The My December Tour was the fourth headlining concert tour by American pop rock recording artist Kelly Clarkson, and followed the release Clarkson's third studio album, My December (2007). Originally a large-scale summer tour timed to coincide with the June 2007 availability of the album, public career battles and poor ticket sales in North America led Clarkson to cancel it before it began. A considerably smaller-scale tour commenced in September 2007 and ran to April 2008, with the international legs in Europe and Australia remaining at arena venues.

Background

First incarnation
The tour was initially announced by both Billboard.com and Clarkson's official website on April 26, 2007.  It was scheduled for almost 40 dates in North America, running from July 7 to September 28, 2007,  beginning in Portland, Oregon's Rose Garden Arena, including such venues as the TD BankNorth Garden in Boston and Continental Airlines Arena in New Jersey, and concluding at the MGM Grand Garden Arena in Las Vegas.  For the first time, Clarkson would be playing in arenas instead of the smaller amphitheatres that her previous tours were staged in.  Describing the tour, Clarkson stated, "This will be the biggest tour I’ve ever done. It's all about the music – we’re bringing extra musicians and we’ll be making an arena environment intimate because I want the fans to be part of the show! And you’ll hear all your favorite hits too!!"  The show would feature a 36-row catwalk and b-stage, in order to make the large arenas more intimate for fans.  Mat Kearney would be her support act for the tour.

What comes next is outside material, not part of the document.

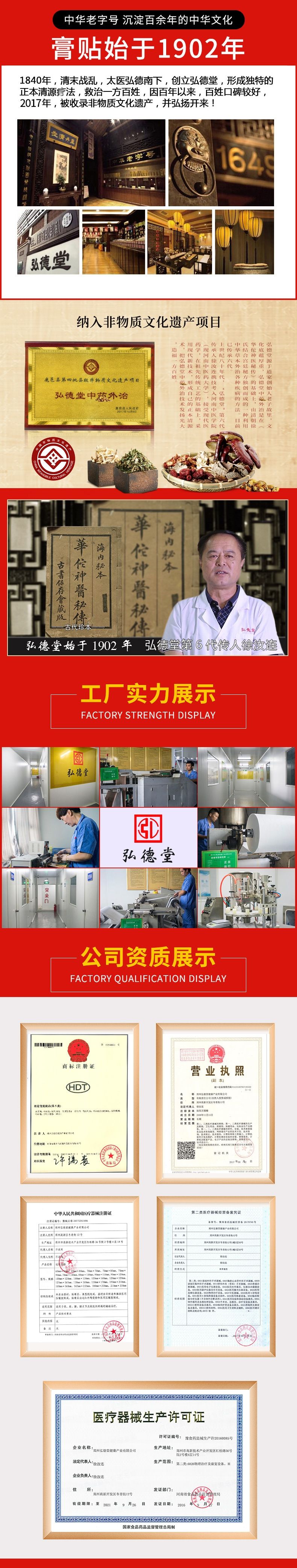 | 其它說明 | 鄭州弘德堂健康產(chǎn)業(yè)有限公司,成立于2006年,是一家從事生物醫(yī)藥、醫(yī)療器械、衛(wèi)生用品、消毒產(chǎn)品、化妝品、保健用品的高科技企業(yè),2012年成立了自己的專業(yè)研發(fā)公司“鄭州眾仁醫(yī)療器械研究院有限公司”,公司集科研、生產(chǎn)、銷售、經(jīng)營于一體,擁有經(jīng)河南省食品藥品監(jiān)督管理局檢測驗收的十萬級生產(chǎn)車間。 公司位于中部美麗的城市--鄭州市高新技術(shù)產(chǎn)業(yè)開發(fā)區(qū),擁有一批科研、管理、營銷方面的**人才,建立了獨(dú)立的研發(fā)中心和銷售中心;近年來,先后榮獲多項榮譽(yù)--“中國優(yōu)質(zhì)產(chǎn)品”、二類醫(yī)療器械生產(chǎn)許可證、醫(yī)療器械經(jīng)營許可證、消毒產(chǎn)品生產(chǎn)許可證、化妝品生產(chǎn)許證和多個產(chǎn)品批件。開發(fā)出二十余種有獨(dú)立知識產(chǎn)權(quán)的健康精品。 鄭州弘德堂健康產(chǎn)業(yè)有限公司秉承“弘醫(yī)濟(jì)生,德澤天下”的經(jīng)營理念,本著“一切為了患者健康”的經(jīng)營宗旨。始終把質(zhì)量放在首位,公司所用原材料,均選自天然無污染的中藥生產(chǎn)基地或進(jìn)口原料。巨資引進(jìn)先進(jìn)的超臨界萃取技術(shù),使藥材的生物活性大大提高。 “但愿人間無疾病,何愁架上藥生塵”,弘德堂人,以“思利及人,康澤社會”為宗旨,以患者健康為己任,造就百姓信賴的健康精品,愿為廣大消費(fèi)者提供質(zhì)優(yōu)的產(chǎn)品和服務(wù)。 專業(yè)從事膏藥貼劑類、膏劑、粉劑、油劑、液體等產(chǎn)品的生產(chǎn)加工、招商代理。可加工產(chǎn)品:遠(yuǎn)紅外貼、肚臍貼、前列腺貼、痔瘡貼、腸胃貼、腹瀉貼、感冒貼、退熱貼、巴布貼、黑膏藥、暖宮貼、乳腺貼、咳喘貼、傳統(tǒng)手工膏藥等等。膏藥專家弘德堂,貼貼更健康! |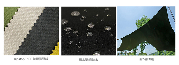 材質:天幕帳布150D P/ Rip DTY PD WR 黑色顏料 60"

The tour was to be sponsored by Vitamin Water. The company set up an exclusive website, kellyallaccess.com, which offered a pre-sale through Ticketmaster as well as other cross-promotional activities with Clarkson.   Tickets went on sale on May 12 and prospects for the tour got caught up in Clarkson's very public career drama concerning the contents and commercial potential of My December, her relations with record company boss Clive Davis, and her falling out with her own management.

On Thursday, June 14, the tour was cancelled per Clarkson's official website, with her statement saying:

However, low ticket sales were acknowledged by promoters and her representatives as the reason for the cancellation.  LiveNation CEO Michael Rapino said: "Ticket sales have not been what we anticipated and we came to the realization that we had bit off more than we could chew. In the end, we are in the Kelly Clarkson business and for that reason we believe that this decision will only benefit her and her fans in the long run."

The My December album itself was finally released on June 26, 2007, and within a few weeks it was clear that its sales would be considerably less than those of her previous two albums. The only public performances to survive the tour cancellation were her five-song set at the Live Earth concert at Giants Stadium on July 7, 2007, and various promotional appearances on morning and late-night television programs in conjunction with the album's release.

Second incarnation
On September 4, 2007, a new My December Tour for Fall 2007 in North America was announced on via Billboard.com.  It was specified to play 26 dates in 3,000- to 6,000-seat theatres rather than the previous arenas. Ticket sales, when they happened, were now more fitting to the venue; her three shows at New York City's Beacon Theatre were all sold out, while her performance at the Tower Theater outside Philadelphia was virtually so.
Shows in Toronto, Minneapolis and Chicago also sold out.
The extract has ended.